Late in 2002 Luongo and Rat Race Choir guitarist Mark Hitt formed the progressive rock band TorQue. The two musicians co-wrote 11 songs for the debut album titled TorQue 103103. Luongo served as producer, lead vocalist and drummer. Luongo has said that 103103 is among his proudest musical achievements.

In 2007, Luongo served as producer and composer for a studio band he created with AC/DC bassist Cliff Williams. Williams recruited frontman Brian Johnson as the vocalist and Luongo brought in his Rat Race Choir bandmate Mark Hitt on guitar. The project later known as Forklift gave birth to 7 tracks. "Chain Gang on the Road" was the only track offered by the quartet. The song was briefly available for a free download during a run of US tour dates in (2007).

Later career: in 2012 Luongo began a musical partnership with Cheap Trick vocalist Robin Zander by forming The Robin Zander Band. Zander and Luongo have been friends and musical allies for many years.
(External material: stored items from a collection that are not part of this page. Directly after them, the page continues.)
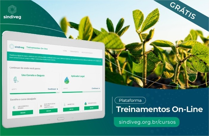 Para ampliar o acesso à informação e incentivar boas práticas no uso de defensivos agrícolas, o Sindiveg mantém uma plataforma on-line gratuita com diversos cursos e treinamentos. Os conteúdos abordam temas como:
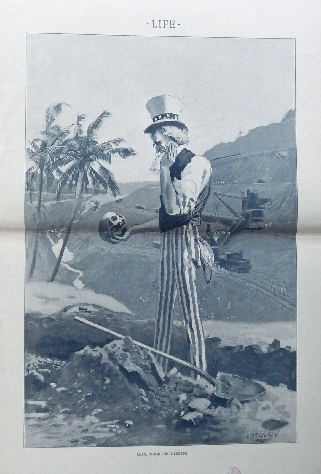 Alas, Poor De Lesseps! by BROUGHTON 1903 B&W Illustration, (building Panama Cana
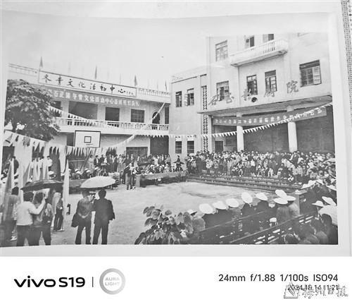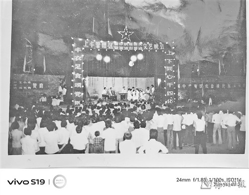 以前,乡村文化生活单调枯燥,少队伍、少设施、少活动。进入20世纪90年代之后,平远县各级党政机关和文体部门较为重视文化工作,采取送戏送电影下乡或办文化中心等形式,丰富人们的精神文化生活。图①为1991年中秋期间,石正镇上丰村举办的文艺、体育、游园及“社教”(社会主义思想教育)知识有奖竞赛于一体的大型活动现场;图②为1991年元旦前夕,平远县石正镇举行由香港知名人士何冬青先生捐资兴建的“冬青文化活动中心”落成剪彩活动。活动中心内设有图书阅览楼、体育活动室和退休老人活动娱乐场所等。
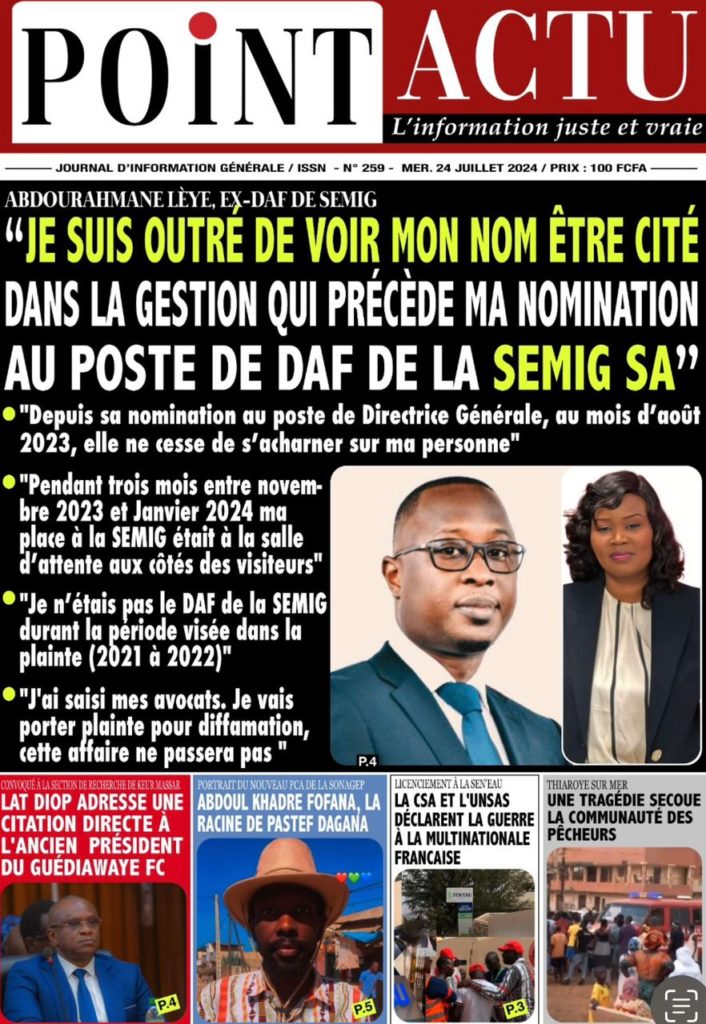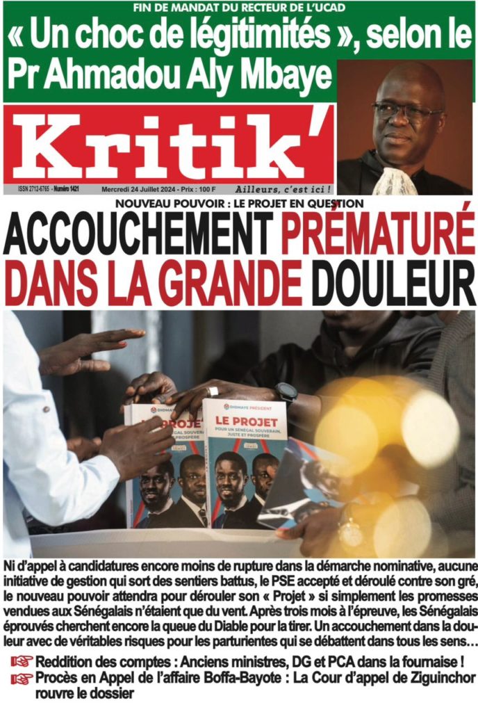 " /> La Une des Quotidiens Nationaux du 24 Juillet 2024 Publié le 24 Juil, 2024 À DÉCOUVRIR Les Unes des quotidiens nationaux du 05 novembre 2025 5 Nov, 2025 La Rédaction de SenCaféActu Partager ->
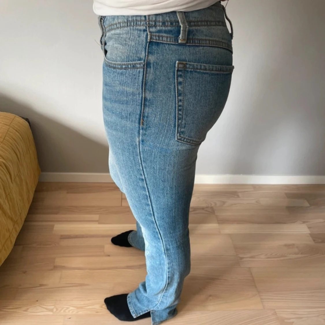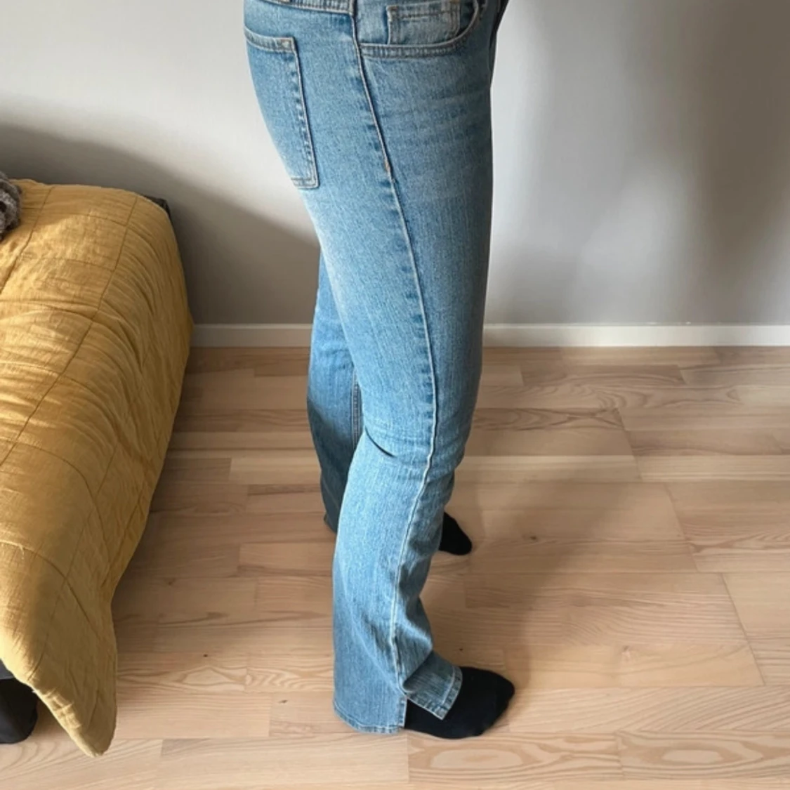 Snygga ljusblå jeans med klassisk bootcut passform och normal midja. Jeansen har fem fickor, dragkedja och knapp framtill. Skriv för mått, frågor eller prisförslag.
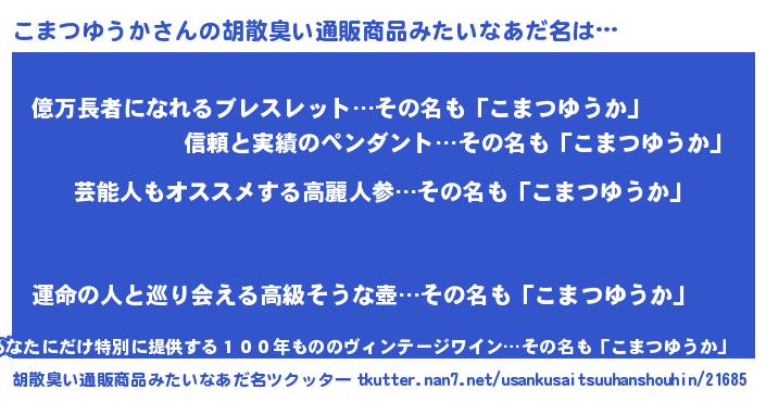 | 恥ずかしいあだ名 | 『コマツユウカデラックス』『こまっちょ』 |
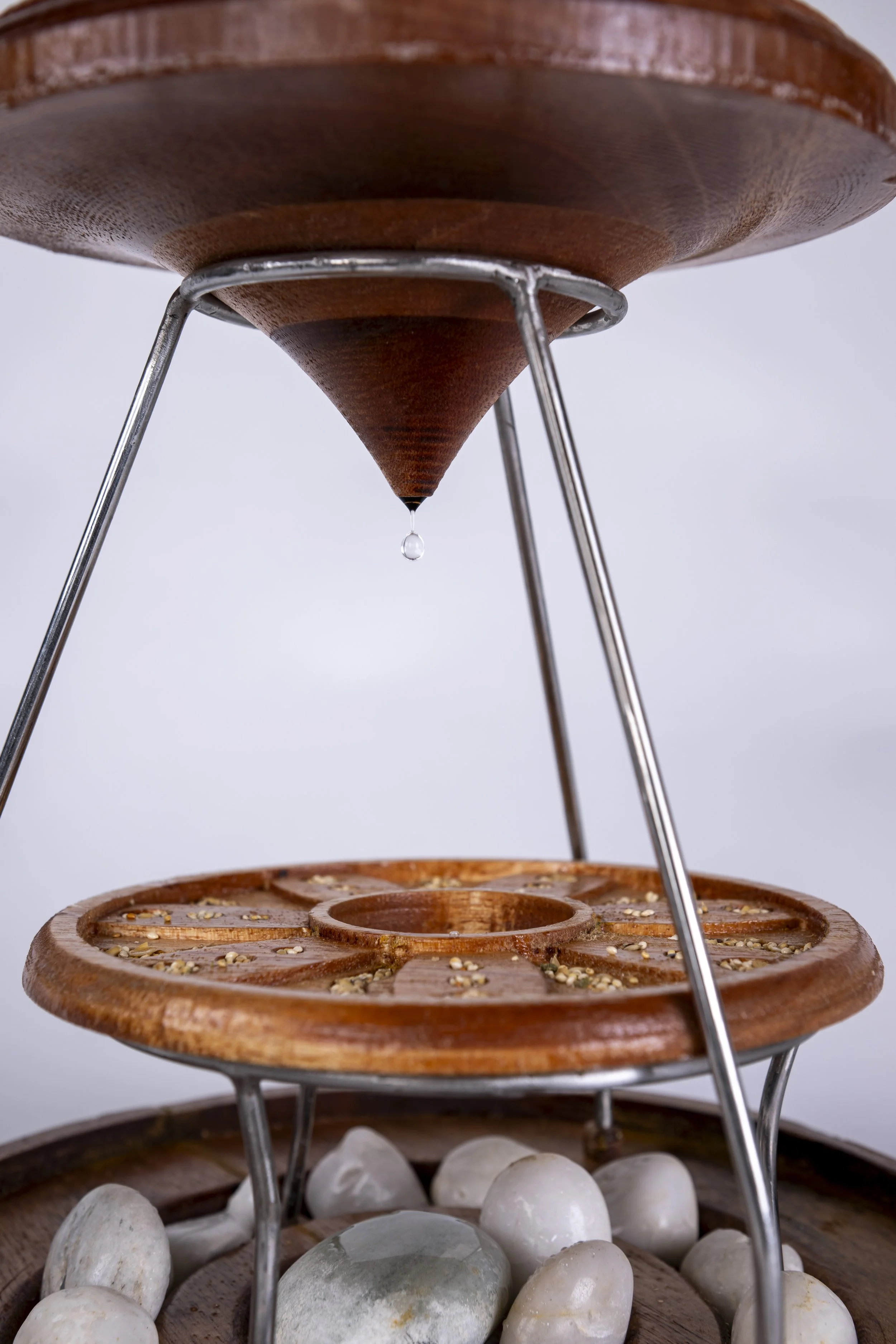 Constructed from CNC-milled wood and precisely bent metal, NestScape combines steel, wood, and stone for both strength and tactility. The slow-drip feature is integrated into the top element, engineered to let water pass through gradually. Digital fabrication and careful assembly ensure a durable, refined structure that brings a touch of nature’s calm into city spaces.
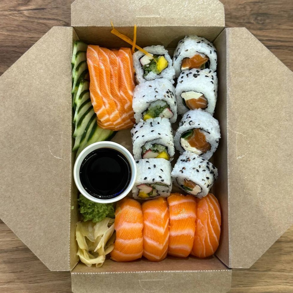 Nosso combinado perfeito para 1 pessoa! 16 peças deliciosas! 4 sushis salmão 4 Philadelphia uramaki 4 california 4 sashimis
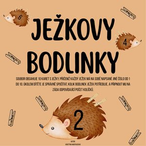 Ježkovy bodlinky 🦔: Kolíčkování pro malé počtáře Popis materiálu: Seznamte se s 10 ježky, kteří potřebují pomoci s

Zander was among the first to be asked to appear in Luongo's documentary film An Ox's Tale - The John Entwistle Story about the late John Entwistle. The band toured nationally for 3 years.

== Visual artist ==
Luongo began creating works of visual art at 4 or 5. He went on to study art in school and never lost his love of color and form. In 2008 he joined the Naples art association at the von Liebig in Naples, FL. In 2008-2010 Luongo was invited to display his art at galleries, exhibitions and art showings. It was during that time he decided to put his original art on fine fabric that would be made into men's shirts. It was not until 2016 that he formed Steve Luongo Designs and began creating limited edition wearable art shirts. These shirts are based on his original ink and acrylic canvases. Each shirt is named, numbered and signed turning them into wearable limited edition art prints.